Print the line containing "Las elecciones presidenciales", then every line after it through the end of the material, exactly as written and without pictures.

(THE DATA begins)

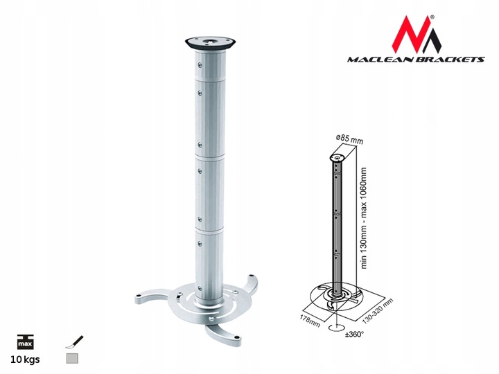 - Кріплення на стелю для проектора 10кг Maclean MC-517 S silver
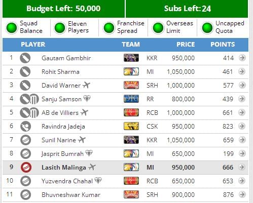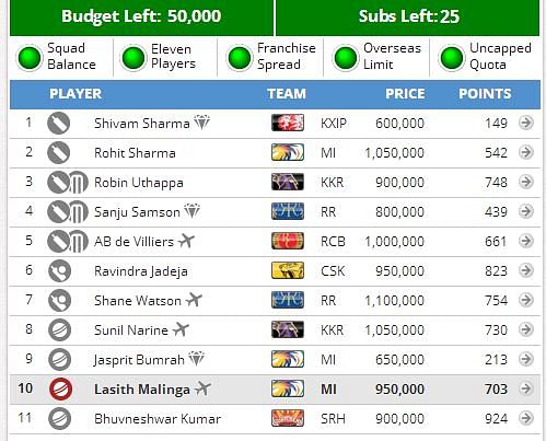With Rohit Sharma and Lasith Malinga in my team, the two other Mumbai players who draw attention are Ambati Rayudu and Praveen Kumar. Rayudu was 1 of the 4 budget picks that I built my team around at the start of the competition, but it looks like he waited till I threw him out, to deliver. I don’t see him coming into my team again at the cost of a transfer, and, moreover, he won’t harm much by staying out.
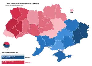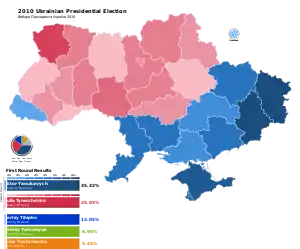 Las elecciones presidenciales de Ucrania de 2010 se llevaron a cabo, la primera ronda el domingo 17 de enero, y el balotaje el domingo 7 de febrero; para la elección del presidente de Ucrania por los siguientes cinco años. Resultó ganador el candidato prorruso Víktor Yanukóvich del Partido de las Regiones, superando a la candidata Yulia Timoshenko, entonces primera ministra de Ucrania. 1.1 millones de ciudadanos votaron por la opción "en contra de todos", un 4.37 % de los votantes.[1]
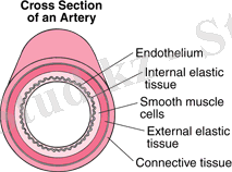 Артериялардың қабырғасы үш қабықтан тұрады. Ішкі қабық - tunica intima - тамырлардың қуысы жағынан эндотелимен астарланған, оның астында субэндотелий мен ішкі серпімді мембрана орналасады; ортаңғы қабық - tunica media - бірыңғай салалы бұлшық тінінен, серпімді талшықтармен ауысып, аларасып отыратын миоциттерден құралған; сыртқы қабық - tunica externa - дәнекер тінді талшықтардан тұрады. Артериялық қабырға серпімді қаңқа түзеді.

(THE DATA ends)

▶ **WRITTEN ANSWER**
 Las elecciones presidenciales de Ucrania de 2010 se llevaron a cabo, la primera ronda el domingo 17 de enero, y el balotaje el domingo 7 de febrero; para la elección del presidente de Ucrania por los siguientes cinco años. Resultó ganador el candidato prorruso Víktor Yanukóvich del Partido de las Regiones, superando a la candidata Yulia Timoshenko, entonces primera ministra de Ucrania. 1.1 millones de ciudadanos votaron por la opción "en contra de todos", un 4.37 % de los votantes.[1]
 Артериялардың қабырғасы үш қабықтан тұрады. Ішкі қабық - tunica intima - тамырлардың қуысы жағынан эндотелимен астарланған, оның астында субэндотелий мен ішкі серпімді мембрана орналасады; ортаңғы қабық - tunica media - бірыңғай салалы бұлшық тінінен, серпімді талшықтармен ауысып, аларасып отыратын миоциттерден құралған; сыртқы қабық - tunica externa - дәнекер тінді талшықтардан тұрады. Артериялық қабырға серпімді қаңқа түзеді.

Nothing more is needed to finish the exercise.